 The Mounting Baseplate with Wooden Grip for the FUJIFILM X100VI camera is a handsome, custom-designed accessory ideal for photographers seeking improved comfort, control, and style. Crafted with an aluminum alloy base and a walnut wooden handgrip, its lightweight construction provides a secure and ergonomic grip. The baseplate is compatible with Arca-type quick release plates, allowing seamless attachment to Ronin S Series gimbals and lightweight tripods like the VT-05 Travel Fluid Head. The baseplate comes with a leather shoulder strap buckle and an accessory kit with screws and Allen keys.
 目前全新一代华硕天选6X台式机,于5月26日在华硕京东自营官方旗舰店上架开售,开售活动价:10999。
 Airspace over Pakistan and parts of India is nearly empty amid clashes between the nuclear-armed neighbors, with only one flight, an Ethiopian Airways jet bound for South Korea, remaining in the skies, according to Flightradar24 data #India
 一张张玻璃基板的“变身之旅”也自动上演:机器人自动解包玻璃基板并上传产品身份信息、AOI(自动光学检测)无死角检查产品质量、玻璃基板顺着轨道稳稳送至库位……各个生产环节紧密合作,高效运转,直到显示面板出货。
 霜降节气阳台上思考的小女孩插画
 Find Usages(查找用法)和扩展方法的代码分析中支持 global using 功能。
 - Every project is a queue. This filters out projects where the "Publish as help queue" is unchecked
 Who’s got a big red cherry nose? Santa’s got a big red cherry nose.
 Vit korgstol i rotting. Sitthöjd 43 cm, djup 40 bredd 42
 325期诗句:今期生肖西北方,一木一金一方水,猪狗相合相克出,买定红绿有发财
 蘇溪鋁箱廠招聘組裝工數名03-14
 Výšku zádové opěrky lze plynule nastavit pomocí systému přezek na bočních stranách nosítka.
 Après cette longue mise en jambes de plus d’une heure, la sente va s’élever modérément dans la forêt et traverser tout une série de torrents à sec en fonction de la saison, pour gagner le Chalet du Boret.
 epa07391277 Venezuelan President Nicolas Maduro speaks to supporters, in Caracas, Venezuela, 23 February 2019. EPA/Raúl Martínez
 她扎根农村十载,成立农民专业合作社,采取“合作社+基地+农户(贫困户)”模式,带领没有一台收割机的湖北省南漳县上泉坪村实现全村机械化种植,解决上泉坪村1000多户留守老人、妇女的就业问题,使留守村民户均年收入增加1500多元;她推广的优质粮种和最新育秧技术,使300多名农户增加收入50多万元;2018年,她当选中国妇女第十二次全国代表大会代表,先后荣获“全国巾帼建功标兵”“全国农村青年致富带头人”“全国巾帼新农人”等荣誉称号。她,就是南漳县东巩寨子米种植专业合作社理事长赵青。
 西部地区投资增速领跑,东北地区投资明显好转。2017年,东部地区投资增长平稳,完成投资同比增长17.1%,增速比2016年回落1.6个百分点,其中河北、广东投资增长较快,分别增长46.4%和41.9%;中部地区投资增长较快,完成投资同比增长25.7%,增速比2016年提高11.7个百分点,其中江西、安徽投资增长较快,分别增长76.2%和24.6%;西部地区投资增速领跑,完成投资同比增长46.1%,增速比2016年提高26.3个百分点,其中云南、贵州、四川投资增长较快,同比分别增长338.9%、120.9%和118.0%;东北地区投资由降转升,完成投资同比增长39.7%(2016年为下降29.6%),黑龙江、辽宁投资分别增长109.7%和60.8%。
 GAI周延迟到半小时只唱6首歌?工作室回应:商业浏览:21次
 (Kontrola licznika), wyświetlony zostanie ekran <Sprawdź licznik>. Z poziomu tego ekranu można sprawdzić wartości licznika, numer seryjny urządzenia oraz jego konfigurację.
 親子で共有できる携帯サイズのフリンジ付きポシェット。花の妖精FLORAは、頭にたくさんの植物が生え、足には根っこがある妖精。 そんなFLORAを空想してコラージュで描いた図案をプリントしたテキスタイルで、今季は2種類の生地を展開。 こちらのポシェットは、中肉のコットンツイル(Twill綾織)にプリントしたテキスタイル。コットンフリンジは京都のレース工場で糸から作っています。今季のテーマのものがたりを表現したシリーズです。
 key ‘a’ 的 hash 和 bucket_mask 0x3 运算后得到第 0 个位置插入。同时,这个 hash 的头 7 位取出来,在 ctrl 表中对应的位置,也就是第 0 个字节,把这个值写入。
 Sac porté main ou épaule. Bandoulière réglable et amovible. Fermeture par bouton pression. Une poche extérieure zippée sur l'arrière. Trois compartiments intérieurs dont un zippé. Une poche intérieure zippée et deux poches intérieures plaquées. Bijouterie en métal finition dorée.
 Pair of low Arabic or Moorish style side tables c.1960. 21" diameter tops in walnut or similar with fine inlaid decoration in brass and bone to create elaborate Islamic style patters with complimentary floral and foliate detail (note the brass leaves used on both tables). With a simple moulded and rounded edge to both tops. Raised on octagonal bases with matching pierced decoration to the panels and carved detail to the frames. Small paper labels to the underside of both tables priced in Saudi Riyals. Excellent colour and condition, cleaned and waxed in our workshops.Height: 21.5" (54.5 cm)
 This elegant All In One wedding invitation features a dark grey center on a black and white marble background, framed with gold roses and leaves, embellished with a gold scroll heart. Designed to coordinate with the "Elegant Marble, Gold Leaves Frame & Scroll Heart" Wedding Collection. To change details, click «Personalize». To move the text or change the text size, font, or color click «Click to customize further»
------------------------
■ **Problem to solve**: Extract every record and return it verbatim.

■ **Answer for this exercise**:
 The Mounting Baseplate with Wooden Grip for the FUJIFILM X100VI camera is a handsome, custom-designed accessory ideal for photographers seeking improved comfort, control, and style. Crafted with an aluminum alloy base and a walnut wooden handgrip, its lightweight construction provides a secure and ergonomic grip. The baseplate is compatible with Arca-type quick release plates, allowing seamless attachment to Ronin S Series gimbals and lightweight tripods like the VT-05 Travel Fluid Head. The baseplate comes with a leather shoulder strap buckle and an accessory kit with screws and Allen keys.
 目前全新一代华硕天选6X台式机,于5月26日在华硕京东自营官方旗舰店上架开售,开售活动价:10999。
 Airspace over Pakistan and parts of India is nearly empty amid clashes between the nuclear-armed neighbors, with only one flight, an Ethiopian Airways jet bound for South Korea, remaining in the skies, according to Flightradar24 data #India
 一张张玻璃基板的“变身之旅”也自动上演:机器人自动解包玻璃基板并上传产品身份信息、AOI(自动光学检测)无死角检查产品质量、玻璃基板顺着轨道稳稳送至库位……各个生产环节紧密合作,高效运转,直到显示面板出货。
 霜降节气阳台上思考的小女孩插画
 Find Usages(查找用法)和扩展方法的代码分析中支持 global using 功能。
 - Every project is a queue. This filters out projects where the "Publish as help queue" is unchecked
 Who’s got a big red cherry nose? Santa’s got a big red cherry nose.
 Vit korgstol i rotting. Sitthöjd 43 cm, djup 40 bredd 42
 325期诗句:今期生肖西北方,一木一金一方水,猪狗相合相克出,买定红绿有发财
 蘇溪鋁箱廠招聘組裝工數名03-14
 Výšku zádové opěrky lze plynule nastavit pomocí systému přezek na bočních stranách nosítka.
 Après cette longue mise en jambes de plus d’une heure, la sente va s’élever modérément dans la forêt et traverser tout une série de torrents à sec en fonction de la saison, pour gagner le Chalet du Boret.
 epa07391277 Venezuelan President Nicolas Maduro speaks to supporters, in Caracas, Venezuela, 23 February 2019. EPA/Raúl Martínez
 她扎根农村十载,成立农民专业合作社,采取“合作社+基地+农户(贫困户)”模式,带领没有一台收割机的湖北省南漳县上泉坪村实现全村机械化种植,解决上泉坪村1000多户留守老人、妇女的就业问题,使留守村民户均年收入增加1500多元;她推广的优质粮种和最新育秧技术,使300多名农户增加收入50多万元;2018年,她当选中国妇女第十二次全国代表大会代表,先后荣获“全国巾帼建功标兵”“全国农村青年致富带头人”“全国巾帼新农人”等荣誉称号。她,就是南漳县东巩寨子米种植专业合作社理事长赵青。
 西部地区投资增速领跑,东北地区投资明显好转。2017年,东部地区投资增长平稳,完成投资同比增长17.1%,增速比2016年回落1.6个百分点,其中河北、广东投资增长较快,分别增长46.4%和41.9%;中部地区投资增长较快,完成投资同比增长25.7%,增速比2016年提高11.7个百分点,其中江西、安徽投资增长较快,分别增长76.2%和24.6%;西部地区投资增速领跑,完成投资同比增长46.1%,增速比2016年提高26.3个百分点,其中云南、贵州、四川投资增长较快,同比分别增长338.9%、120.9%和118.0%;东北地区投资由降转升,完成投资同比增长39.7%(2016年为下降29.6%),黑龙江、辽宁投资分别增长109.7%和60.8%。
 GAI周延迟到半小时只唱6首歌?工作室回应:商业浏览:21次
 (Kontrola licznika), wyświetlony zostanie ekran <Sprawdź licznik>. Z poziomu tego ekranu można sprawdzić wartości licznika, numer seryjny urządzenia oraz jego konfigurację.
 親子で共有できる携帯サイズのフリンジ付きポシェット。花の妖精FLORAは、頭にたくさんの植物が生え、足には根っこがある妖精。 そんなFLORAを空想してコラージュで描いた図案をプリントしたテキスタイルで、今季は2種類の生地を展開。 こちらのポシェットは、中肉のコットンツイル(Twill綾織)にプリントしたテキスタイル。コットンフリンジは京都のレース工場で糸から作っています。今季のテーマのものがたりを表現したシリーズです。
 key ‘a’ 的 hash 和 bucket_mask 0x3 运算后得到第 0 个位置插入。同时,这个 hash 的头 7 位取出来,在 ctrl 表中对应的位置,也就是第 0 个字节,把这个值写入。
 Sac porté main ou épaule. Bandoulière réglable et amovible. Fermeture par bouton pression. Une poche extérieure zippée sur l'arrière. Trois compartiments intérieurs dont un zippé. Une poche intérieure zippée et deux poches intérieures plaquées. Bijouterie en métal finition dorée.
 Pair of low Arabic or Moorish style side tables c.1960. 21" diameter tops in walnut or similar with fine inlaid decoration in brass and bone to create elaborate Islamic style patters with complimentary floral and foliate detail (note the brass leaves used on both tables). With a simple moulded and rounded edge to both tops. Raised on octagonal bases with matching pierced decoration to the panels and carved detail to the frames. Small paper labels to the underside of both tables priced in Saudi Riyals. Excellent colour and condition, cleaned and waxed in our workshops.Height: 21.5" (54.5 cm)
 This elegant All In One wedding invitation features a dark grey center on a black and white marble background, framed with gold roses and leaves, embellished with a gold scroll heart. Designed to coordinate with the "Elegant Marble, Gold Leaves Frame & Scroll Heart" Wedding Collection. To change details, click «Personalize». To move the text or change the text size, font, or color click «Click to customize further»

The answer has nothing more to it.